Source records:
▶

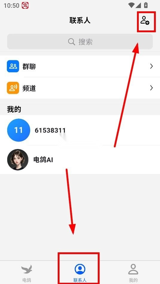 1、打开软件,下方点击联系人,然后点击右侧的“+”号按钮
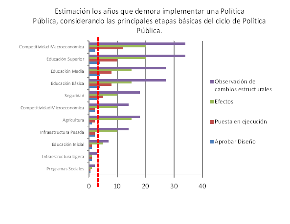 Como se puede observar, en términos generales existe un proceso de aprobación del diseño de la política pública, la puesta en ejecución, los efectos y finalmente la observación de cambios estructurales. Considerando estas etapas, se puede observar que hay políticas públicas cuyos efectos se pueden ver en algo más de un año y otras cuyos efectos se pueden ver dentro de más de 30 años. La línea de puntos representa el cuarto año, donde se supone que hay un cambio de gobierno Municipal o Regional. Luego se pueden ver los siguientes temas a modo de ejemplo.
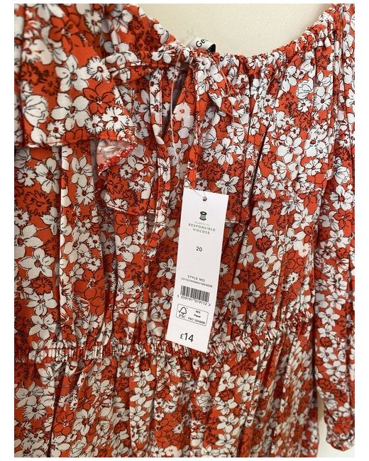 Ladies floral print blouse by George. Size 20 with 3/4 length elasticated sleeves. Elasticated at waist with flounce detail round neck. Lovely orange, black and white floral pattern. New with tags
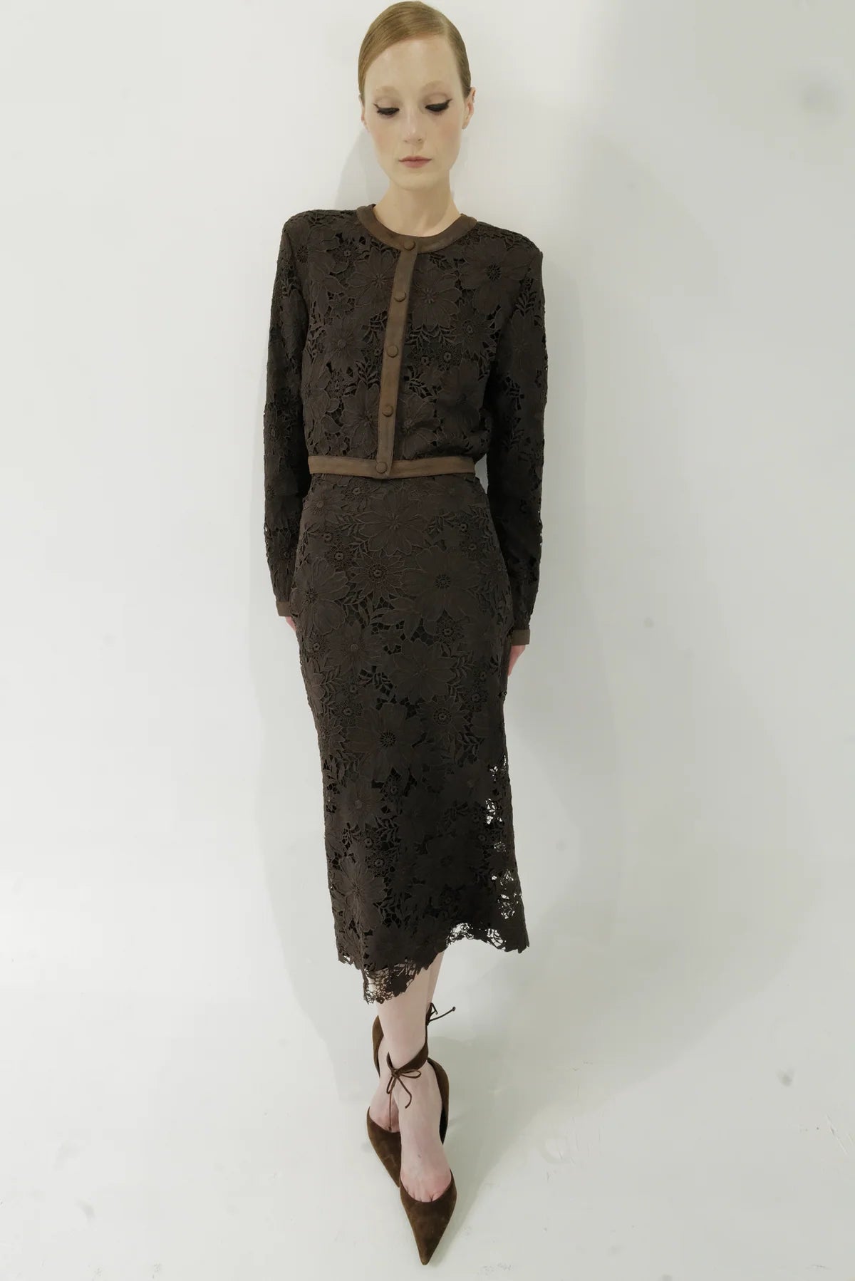 The Didier Set is the ultimate expression of subtle, textured luxury. Crafted from a magnificent, dark brown embroidered lace, this ensemble redefines elegance by pairing an unexpected fabric with structured silhouettes. Worn together, the Didier Set offers a sophisticated, monochromatic statement that is effortlessly chic.
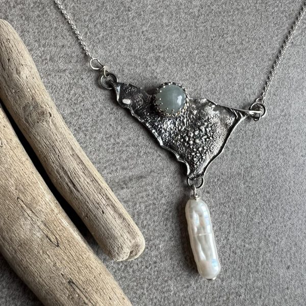 Akwamaryn perła naszyjnik to propozycja zawieszki na łańcuszku z akwamarynem, do stworzenia którego zainspirowały mnie surowe skały. Niewielki akwamaryn o średnicy 9 mm trafił do tego wisiorka w koronkową oprawę.  Niebieski akwamaryn w oprawie umieściłam na fakturowanej bazie. Wisior od podstaw formowałam ręcznie, nadałam mu strukturę przypominającą surowe skały. Element ze srebra ma wymiary  około 53  x 35 mm. Wisior ma konstrukcję asymetryczną. Pod oprawą z akwamarynem dodałam perłę naturalną hodowlaną w kolorze ecru. Wymiary perły to 23 x 7 x 4 mm. Perła porusza się swobodnie pod wisiorem. Od spodu widać jedynie srebro. Całość stworzyłam oczywiście ze srebra próby 925, które na koniec przyoksydowałam, przetarłam, a na koniec wypolerowałam.
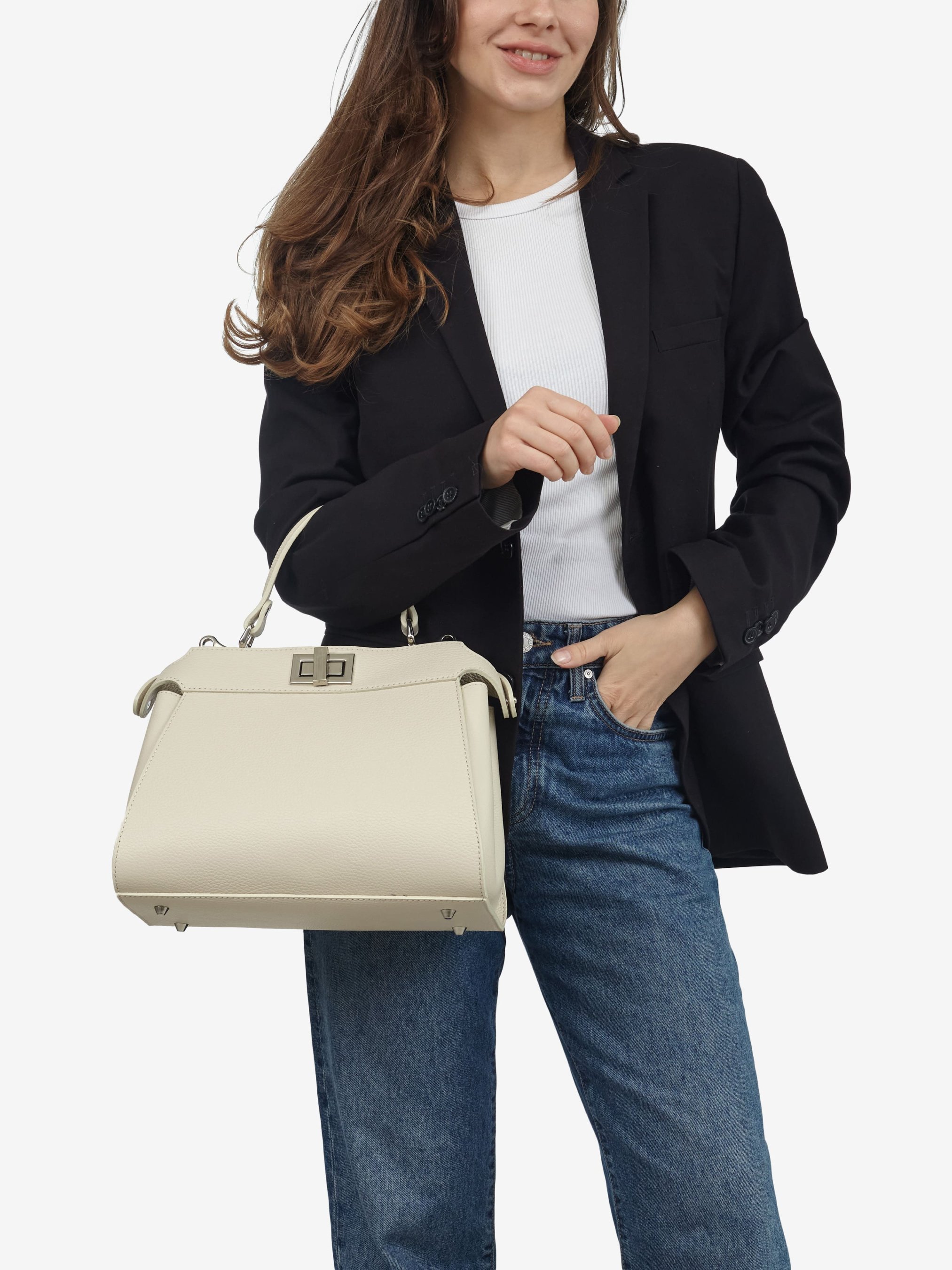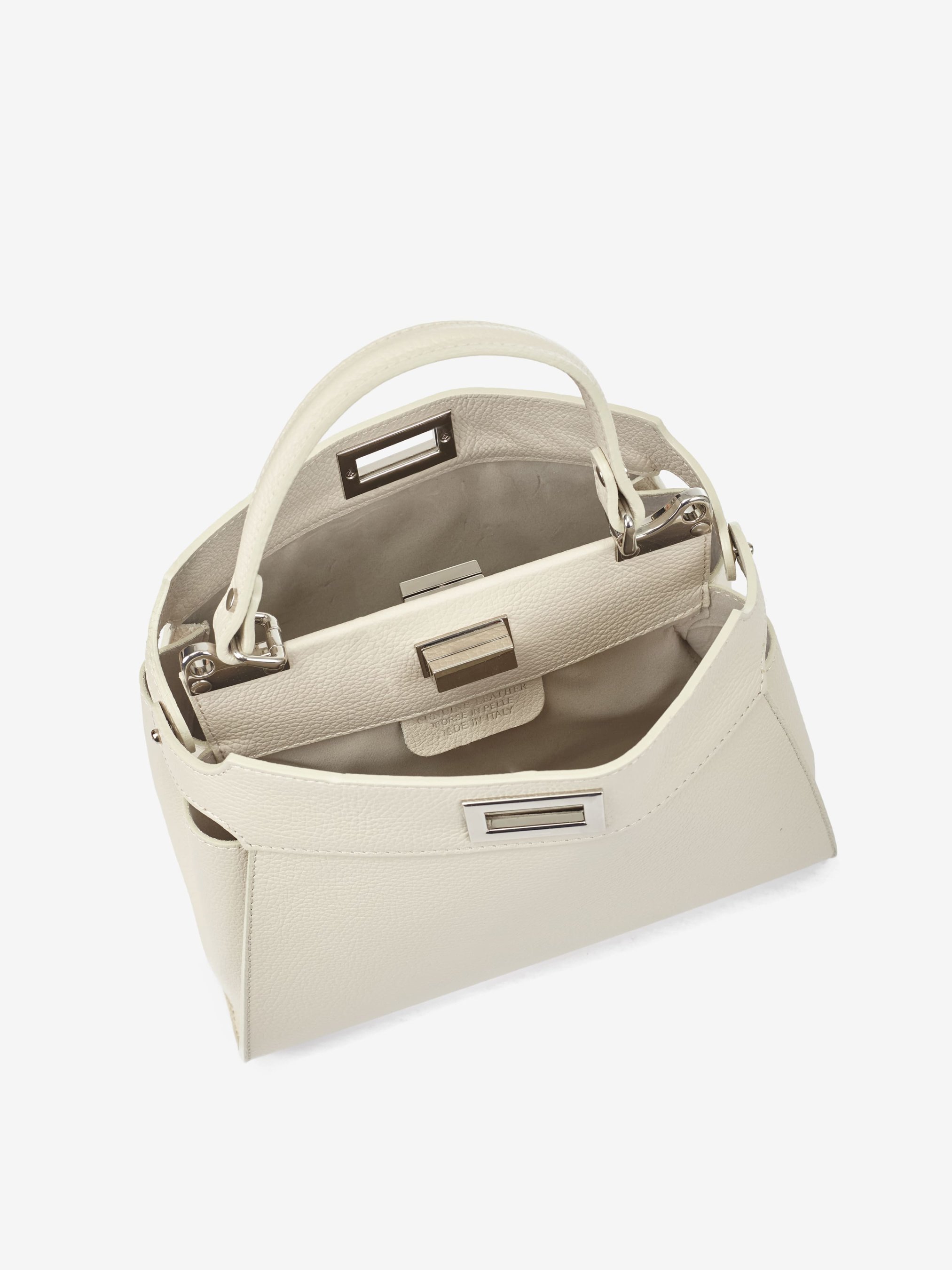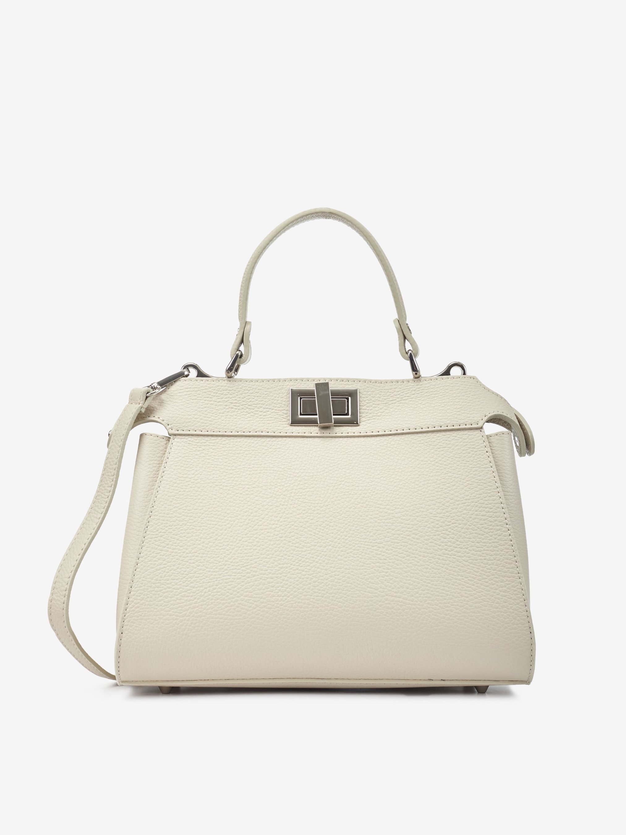 Деталі: Матеріал: 100% натуральна шкіра Шкіра флотар Фурнітура сріблястого кольору Розміри (Ш x В x Г) - 28 х 24 х 11 см Усередині 2 відділення Підкладка бавовна Висота ручки 13 см Ремінець шкіряний, регулюється, знімний, максимальна довжина 120 см Застібка: поворотний замок
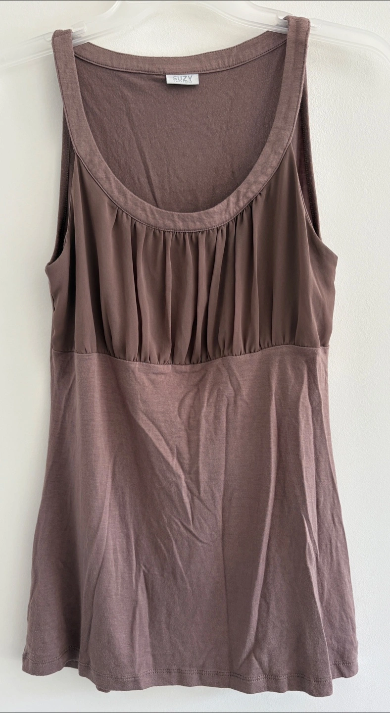 A gently used beautiful tank top from Suzy Shier. It's a size S/m and would be a great addition to your summer wardrobe!
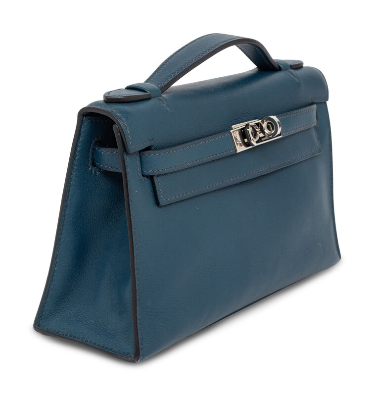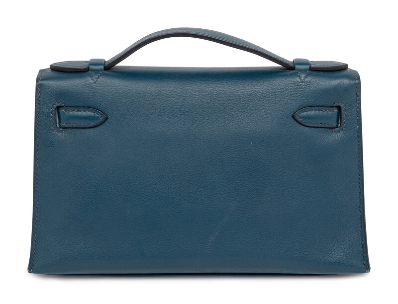 Hermès Kelly Pochette bag in Deep Bleu Swift leather with palladium hardware.
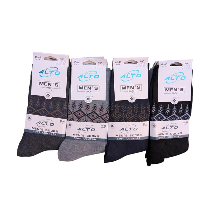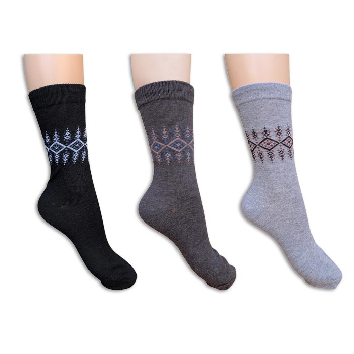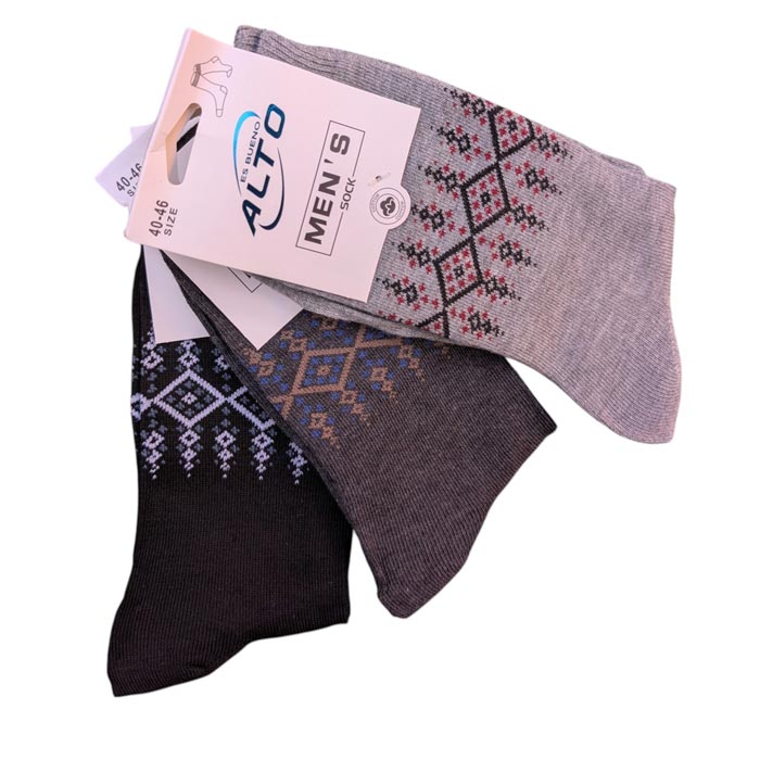 Chaussette homme tige moyenne, coton majoritaire. Motif "losanges sur le haut de la tige.". Cavalier cartonné pour mise en rayon immédiate. Différents coloris. Taille unique 40-46.
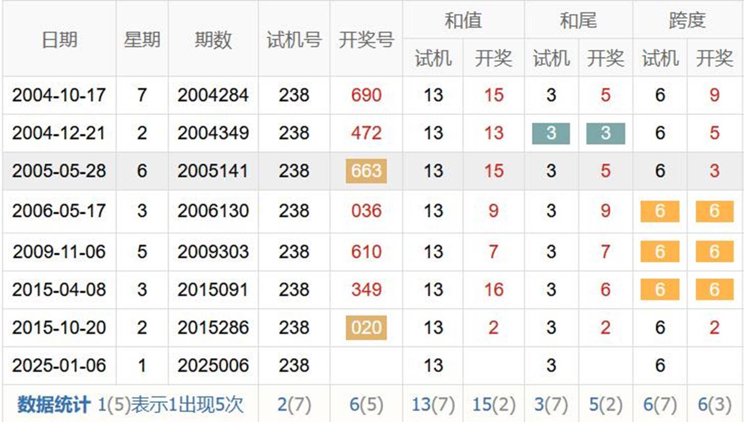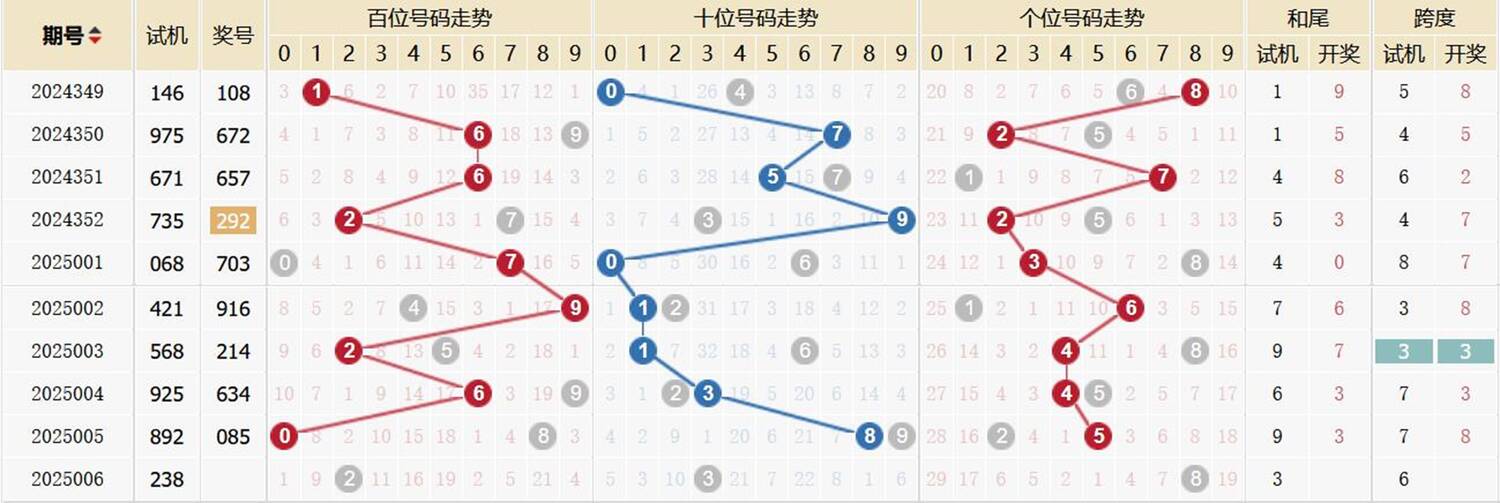 期数 | 试机号 | 关注码 | 金码 | 对应码 | 开奖号 | 出号 |
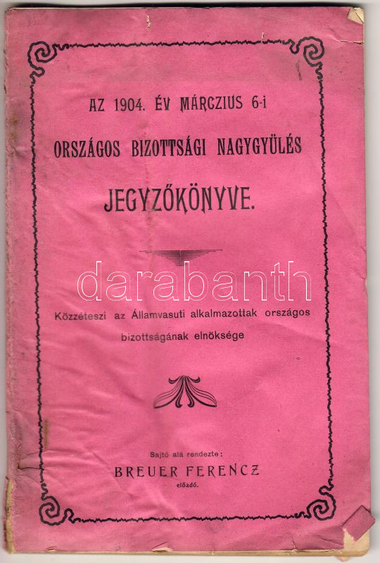 1904 Az államvasuti alkalmazottak országos bizottsága naggyűlési jegyz... https://www.darabanth.com/de/26-Fernauktion/26.0/Andere-Sammelgebiete/~97/1904-Az-allamvasuti-alkalmazottak-orszagos-bizottsaga-naggyulesi-jegyzokonyve-Engel-nyomda~II48959

◀

I would like you to set down the lines above, from the one containing "Hermès Kelly Pochette" to the final line, exactly as written and without pictures.

 Hermès Kelly Pochette bag in Deep Bleu Swift leather with palladium hardware.
 Chaussette homme tige moyenne, coton majoritaire. Motif "losanges sur le haut de la tige.". Cavalier cartonné pour mise en rayon immédiate. Différents coloris. Taille unique 40-46.
 期数 | 试机号 | 关注码 | 金码 | 对应码 | 开奖号 | 出号 |
 1904 Az államvasuti alkalmazottak országos bizottsága naggyűlési jegyz... https://www.darabanth.com/de/26-Fernauktion/26.0/Andere-Sammelgebiete/~97/1904-Az-allamvasuti-alkalmazottak-orszagos-bizottsaga-naggyulesi-jegyzokonyve-Engel-nyomda~II48959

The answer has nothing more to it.